• [Goal of the exercise]: Could you retype, exactly and with no pictures, only the lines from the first line of the records below through the line that contains "Energize Original pločica"?

#### Records for the exercise ####

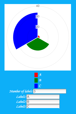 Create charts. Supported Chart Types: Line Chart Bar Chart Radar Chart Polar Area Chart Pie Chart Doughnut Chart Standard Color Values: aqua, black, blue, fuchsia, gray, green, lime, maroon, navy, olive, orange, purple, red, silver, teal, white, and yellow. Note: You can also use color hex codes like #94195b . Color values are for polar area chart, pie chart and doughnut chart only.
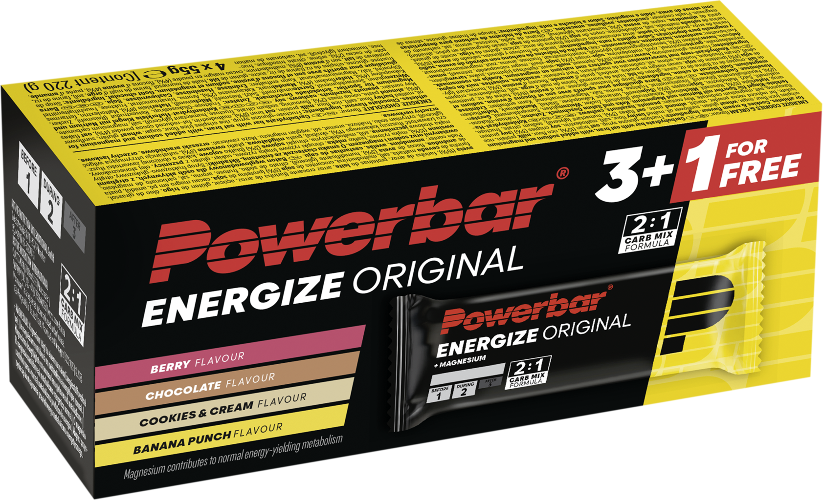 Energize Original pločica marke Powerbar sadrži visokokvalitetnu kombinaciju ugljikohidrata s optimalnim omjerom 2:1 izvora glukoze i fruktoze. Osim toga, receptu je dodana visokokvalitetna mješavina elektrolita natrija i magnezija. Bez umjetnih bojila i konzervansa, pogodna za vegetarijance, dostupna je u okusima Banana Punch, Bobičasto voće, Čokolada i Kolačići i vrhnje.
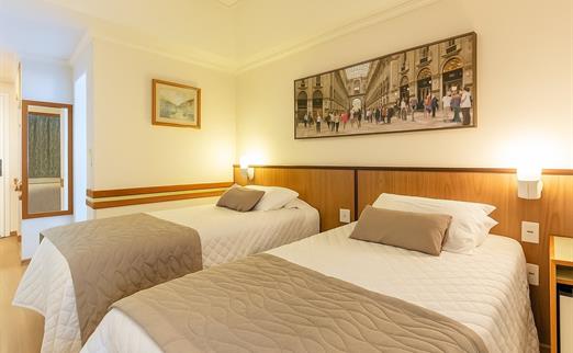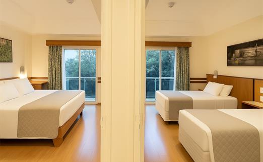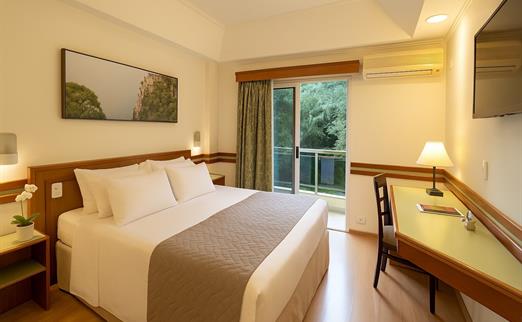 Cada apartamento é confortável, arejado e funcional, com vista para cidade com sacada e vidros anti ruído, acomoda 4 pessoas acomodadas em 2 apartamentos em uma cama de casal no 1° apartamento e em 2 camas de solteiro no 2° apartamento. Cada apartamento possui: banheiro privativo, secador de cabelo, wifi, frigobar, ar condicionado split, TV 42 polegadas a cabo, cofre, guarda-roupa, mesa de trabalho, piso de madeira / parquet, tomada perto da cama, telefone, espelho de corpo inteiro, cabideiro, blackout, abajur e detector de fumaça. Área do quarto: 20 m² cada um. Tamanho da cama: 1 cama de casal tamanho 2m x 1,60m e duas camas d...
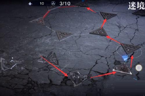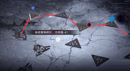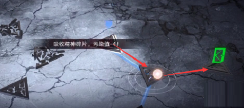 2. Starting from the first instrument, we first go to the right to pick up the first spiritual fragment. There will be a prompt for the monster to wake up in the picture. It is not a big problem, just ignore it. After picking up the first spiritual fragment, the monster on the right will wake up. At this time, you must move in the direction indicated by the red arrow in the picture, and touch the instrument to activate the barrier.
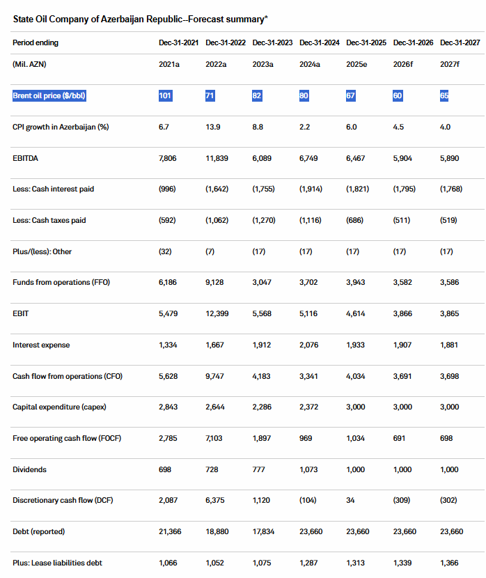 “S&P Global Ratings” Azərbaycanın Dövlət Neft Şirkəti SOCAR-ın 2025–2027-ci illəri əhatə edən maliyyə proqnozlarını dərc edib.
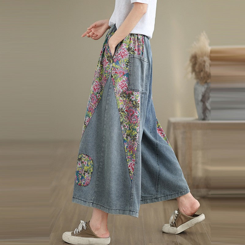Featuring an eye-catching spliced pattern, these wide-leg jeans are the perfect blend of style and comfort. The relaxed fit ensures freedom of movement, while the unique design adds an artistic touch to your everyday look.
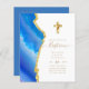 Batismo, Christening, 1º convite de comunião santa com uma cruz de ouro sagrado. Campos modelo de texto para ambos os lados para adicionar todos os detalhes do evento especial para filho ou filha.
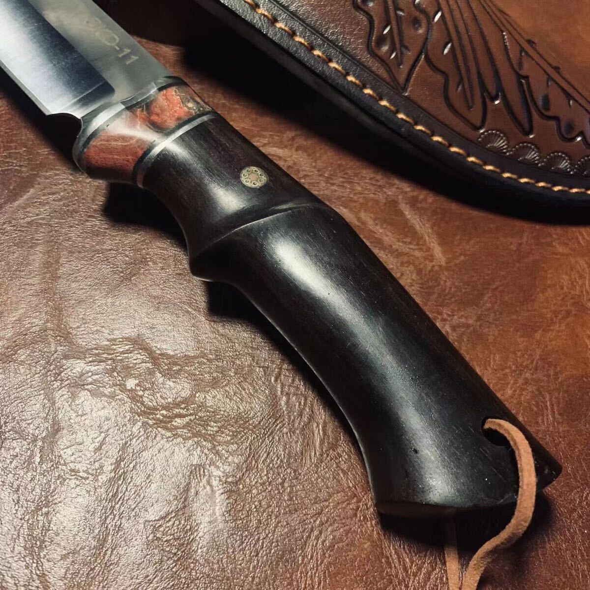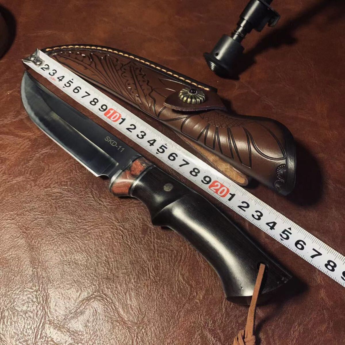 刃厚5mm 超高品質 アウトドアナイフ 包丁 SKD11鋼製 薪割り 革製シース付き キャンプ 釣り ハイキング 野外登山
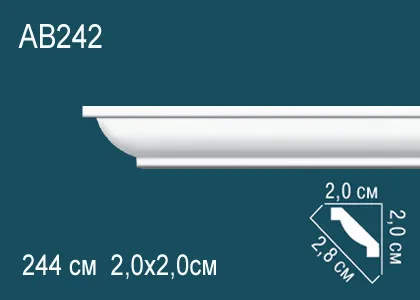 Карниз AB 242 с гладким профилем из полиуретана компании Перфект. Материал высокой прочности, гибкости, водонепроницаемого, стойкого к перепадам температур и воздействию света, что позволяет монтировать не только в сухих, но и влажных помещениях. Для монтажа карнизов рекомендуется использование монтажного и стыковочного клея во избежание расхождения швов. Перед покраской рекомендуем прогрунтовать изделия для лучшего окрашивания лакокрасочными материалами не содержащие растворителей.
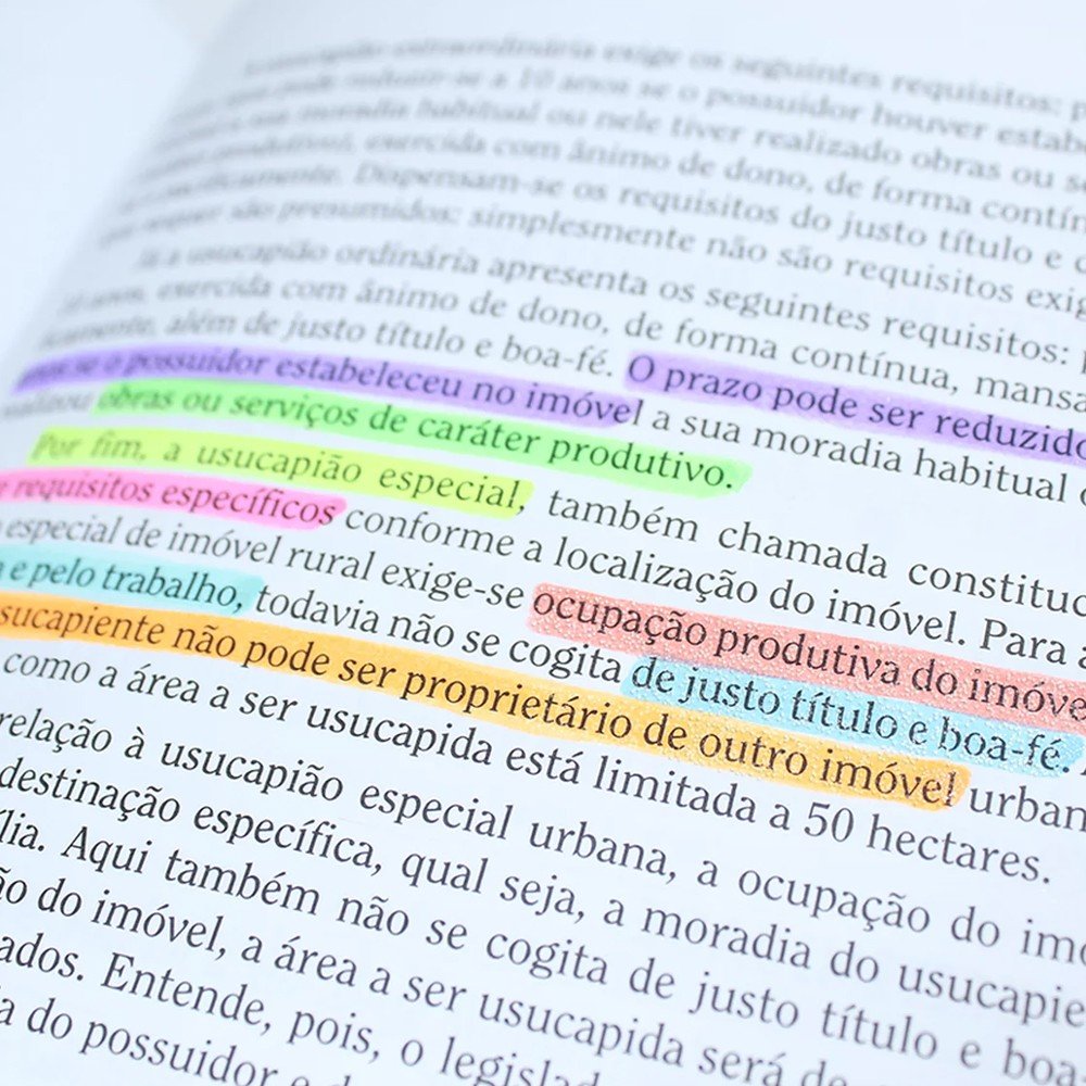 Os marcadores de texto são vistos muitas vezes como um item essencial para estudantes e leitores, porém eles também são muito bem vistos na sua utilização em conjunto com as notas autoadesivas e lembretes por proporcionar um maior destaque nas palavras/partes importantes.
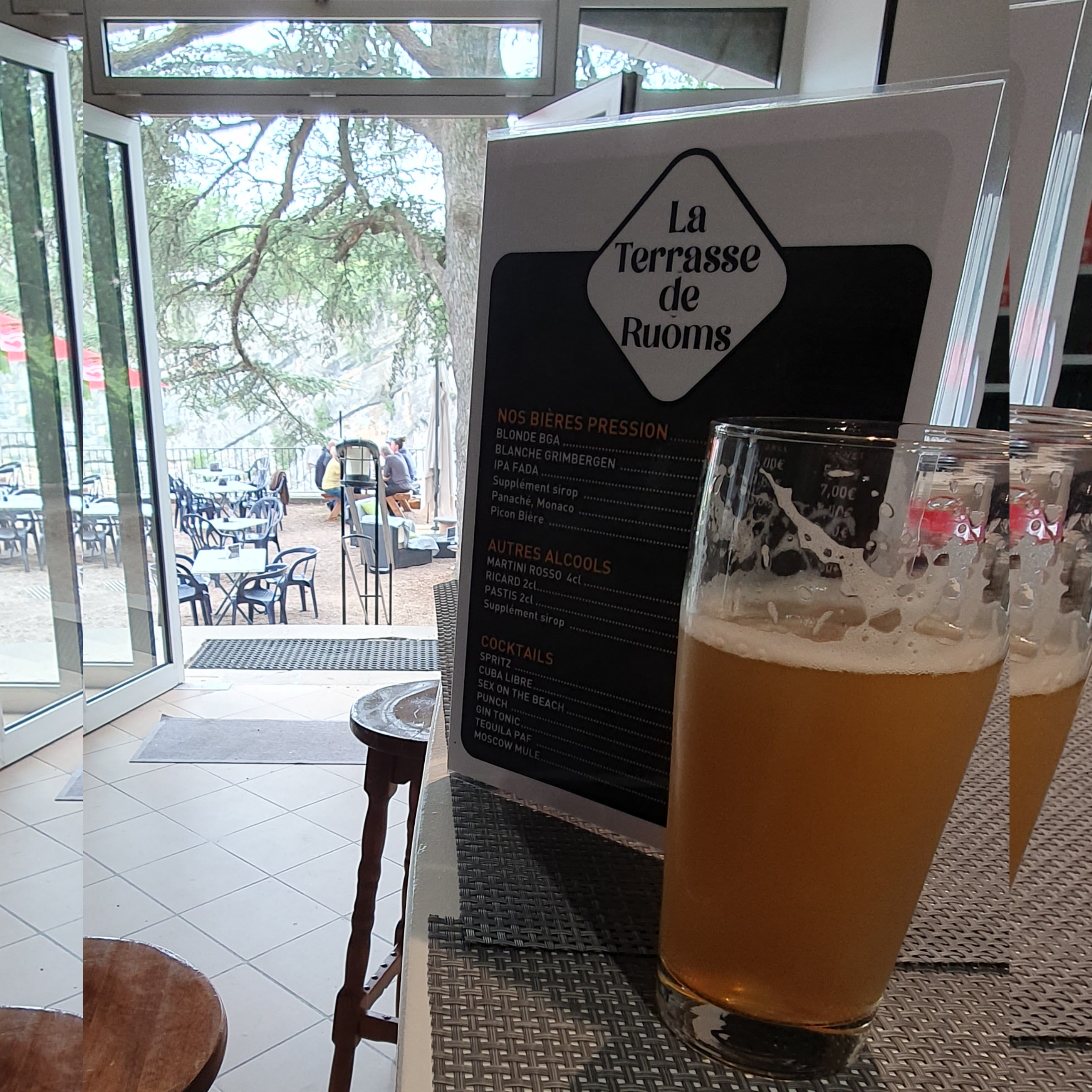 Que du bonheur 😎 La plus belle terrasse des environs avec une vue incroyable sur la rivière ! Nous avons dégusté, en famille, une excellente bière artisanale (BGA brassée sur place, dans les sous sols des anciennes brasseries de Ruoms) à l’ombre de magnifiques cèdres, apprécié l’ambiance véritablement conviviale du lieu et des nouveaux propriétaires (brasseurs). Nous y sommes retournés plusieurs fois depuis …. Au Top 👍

####

• [Answer for the task]:
 Create charts. Supported Chart Types: Line Chart Bar Chart Radar Chart Polar Area Chart Pie Chart Doughnut Chart Standard Color Values: aqua, black, blue, fuchsia, gray, green, lime, maroon, navy, olive, orange, purple, red, silver, teal, white, and yellow. Note: You can also use color hex codes like #94195b . Color values are for polar area chart, pie chart and doughnut chart only.
 Energize Original pločica marke Powerbar sadrži visokokvalitetnu kombinaciju ugljikohidrata s optimalnim omjerom 2:1 izvora glukoze i fruktoze. Osim toga, receptu je dodana visokokvalitetna mješavina elektrolita natrija i magnezija. Bez umjetnih bojila i konzervansa, pogodna za vegetarijance, dostupna je u okusima Banana Punch, Bobičasto voće, Čokolada i Kolačići i vrhnje.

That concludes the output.